It certainly hasn’t taken Senator Daines and Representative Zinke long to try to score some cheap political points following the deaths of five American service members last week. Both, in the last day, have released press releases about proposed bills that would allow servicemen and women to carry guns at military installations largely without restrictions. In typical fashion, Representative Zinke claimed he was “introducing” the bill, even though Senator Daines and Duncan Hunter initially introduced it in each chamber.
Daines offered this fact-free, red meat explanation for his bill, which would undermine the authority of military commanders to set policies for their bases and substitute the judgment of members of Congress for that of experienced military officers:
The fastest way to stop a bad guy with a gun is a good guy with a gun. It’s time to allow our men and women in uniform – including our military recruiters – to have all the resources they need to protect and defend themselves. It’s unfortunate that it took a tragedy like what happened in Tennessee to wake us up to the fact that there needs to be a policy change.
Facts are stubborn things, though. As the Navy Times notes, the Marines did return fire after they were attacked:
A report distributed among senior Navy leaders during the shooting’s aftermath said Lt. Cmdr. Timothy White, the support center’s commanding officer, used his personal firearm to engage Abdulazeez, Navy Times confirmed with four separate sources. A Navy official also confirmed a Washington Post report indicating one of the slain Marines may have been carrying a 9mm Glock and possibly returned fire on the gunman.
Even the broad premise of the proposed fixes isn’t based in truth, as Politifact notes, in this quote from a fellow at the conservative Heritage Foundation:
Steven Bucci, a military expert for the Heritage Foundation and former Army colonel, told PolitiFact that the policy about firearms existed for decades before Clinton, or Bush for that matter. “As far back as when I joined the military in 1973, and probably further back, you have never been able to carry firearms, privately owned or government, on military installations. You always had to register it with the MP’s and keep them locked in the arms rooms,” he said, referring to military police…. “No one ‘disarmed’ the military — the military itself prefers to manage good order and discipline by not having everyone armed.”
The military does not support changing the policy, which it implemented and then codified under the presidency of George H.W. Bush:
“DoD does not support arming all personnel. We hold this position for many reasons,” Army Lt. Col. Valerie Henderson, a Pentagon spokeswoman said Monday. Those reasons include safety concerns and the risk of accidental discharges, she said. Moreover, providing law enforcement-style training and qualification tests for additional parts of the force could be extraordinarily costly, she said.
What’s also left unsaid in the media coverage is the danger that guns present in any workplace. After a tragedy like this, conservatives are eager to score political points by suggesting that more guns will make workplaces safer, but the statistical reality is, of course, much different. Accidental shootings, increased suicides, workplace homicides and the like don’t get non-stop media coverage, so it’s easy to forget that for every imagined heroic life saving act by an armed person, there will be dozens more injuries and fatalities that are chalked up as the incidental cost of gun mania before being ignored.

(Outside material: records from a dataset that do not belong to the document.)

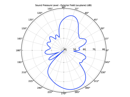 Figure 9: Far-field sound pressure level at a distance of 1 m in the xz-plane at 2000 Hz.
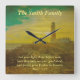 Reloj con la pintura de un hermoso faro con puesta de sol y verso de la Biblia: "Deja que tu luz brille ante los hombres, para que vean tus buenas obras y alaben a tu Padre en el cielo. Matt. 5:16" El texto es totalmente personalizable, así que agrega tu nombre familiar y verso favorito.
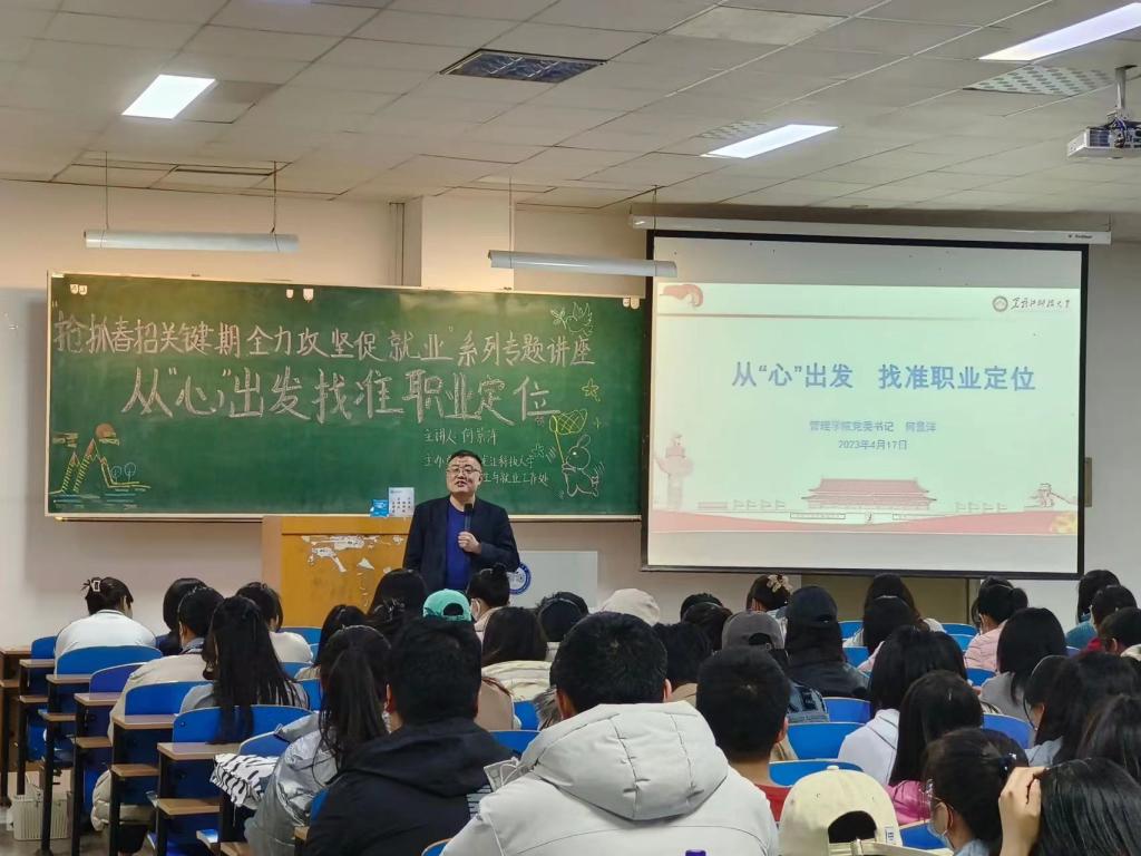 讲心语,找准心灵定位。为精准推进学院毕业生就业帮扶工作,积极营造全员参与、支持就业的浓厚氛围,4月17日,学院开展2023届毕业生“从‘心’出发,找准职业定位”就业心理帮扶专题讲座。学院党委书记何景洋与考研失利、就业困难毕业生群体面对面交流,听取了同学们对考研经历的总结以及对未来发展的规划,针对同学们当下的迷茫和困惑给予了建议和指导,勉励同学们树立正确的就业观念,积极主动地在社会实践中认识自己、明确方向。
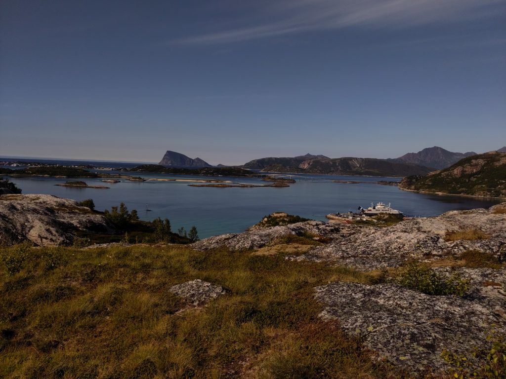 Nach dem Übersetzen nach Brensholmen war es zwar erst halb acht Uhr abends, aber unsere Batterien waren leer und wir brauchten dringend Schlaf; wir fanden eine etwas volle Parkbucht vor der Brücke nach Sommarøy, kochten geschwind den Lachs und Stocki, danach schliefen wir lang bis in den nebligen Morgen.
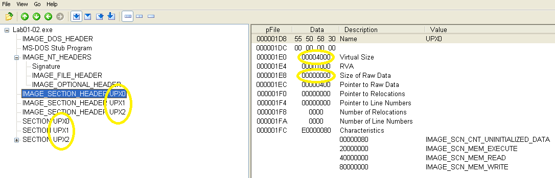 Instead of the usual names like .text, .data, etc., sections have been renamed to UPX0, UPX1, and UPX2, indicating that this sample was packed using UPX. Sections with a virtual size much larger than the raw data size also indicate packing.
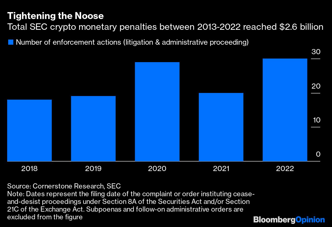 But this ignores the bigger picture. In the first few weeks of 2023, watchdogs have done a lot. On Jan. 3, a joint statement by US bank regulators warned the industry of crypto risks creeping into the banking system. Then came a $100 million settlement with Coinbase Global Inc. over weak internal controls, a lawsuit against the Winklevoss twins' Gemini and broker Genesis for allegedly selling unregistered securities, and a $45 million settlement with lending platform Nexo (which has ceased US operations). Subpoenas are flying.
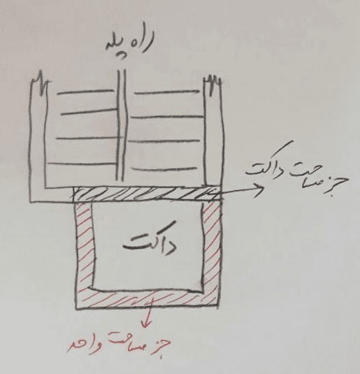 - حال میخواهیم بدانیم که داکت ها و کانال های کولر و رایزر ها و لوله بخاری ها در مشاعات و مفروزات و در صورت مجلس تفکیکی توسط کارشناس تفکیک در کجاها ذکر می شوند. لازم است بدانید که داکتها و رایزر ها، جزء مشاعات بوده، اما دیوارهای پیرامونی آنها جزء واحد محسوب می شوند. درشکل ذیل همانطور که مشاهده می فرمائید دیوار مشترک بین داکت و راه پله که به رنگ آبی نشان داده شده است جزء مساحت داکت محسوب می شود و دیوار اطراف داکت که به رنگ قرمز نشان داده شده است جزء مساحت واحد می باشد.
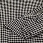 Ein schwarzes und haferfarbenes Gingham-Karo (6mm), eine kleinere Variante des Mrs. Lewes Leinen. Dieses Leinen wird in kleinen Chargen in Osteuropa gefertigt, wo das Spinnen und Weben von Leinen eine lange Tradition hat.

Daines’s infantile suggestion that “the fastest way to stop a bad guy with a gun is a good guy with a gun” demonstrates the absence of reason underlying these proposals. Life is not like a Hollywood western, and identifying the “bad guy” to shoot him is probably a bit more complex than it seems from behind the desk of a disconnected Senator. Especially when Republican policies have made it so easy for anyone to get a gun as easily as a piece of furniture online:
A friend’s claim that the man accused of opening fire last week on two military facilities in Tennessee bought powerful guns over the Internet has renewed attention to online firearm bazaars, a lightly regulated world where buyers and sellers can set up purchases without background checks.

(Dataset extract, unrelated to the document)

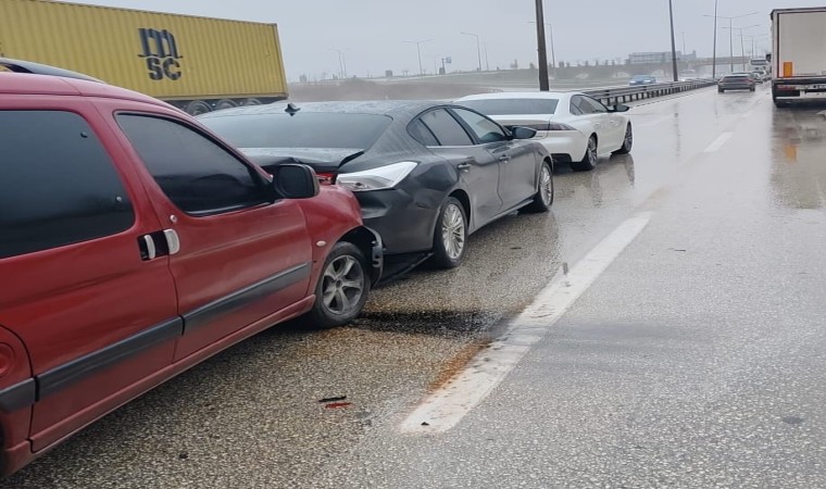 İnegöl’den Bursa’ya seyir halinde olan sürücü Ali K. yönetimindeki 34 LU 8251 plakalı kamyon, önünde seyreden Niyazi B. yönetimindeki 34 NSG 93 plakalı otomobile arkadan çarptı. Arkadan gelen sürücü Barış M. yönetimindeki 16 AGE 944 plakalı tır da kamyona çarparak durdu. Kaza sonucu tırın sürücüsü yaralandı.

So these proposals will actually make military bases less safe, undermine the authority of military commanders, misrepresent what really happened, and distort the reality of gun violence in America.
Of course, in a state almost devoid of critical press coverage, what Zinke and Daines are doing makes total sense. They’ll get a lot of positive, uncritical press attention for proposed bills that feel good, but won’t actually make anyone safer. They’ll score points with the radical gun lobby, who won’t be satisfied until every preschool teacher is required to pack heat. Perhaps most importantly, they’ll have another chance to demagogue a tragedy for political gain.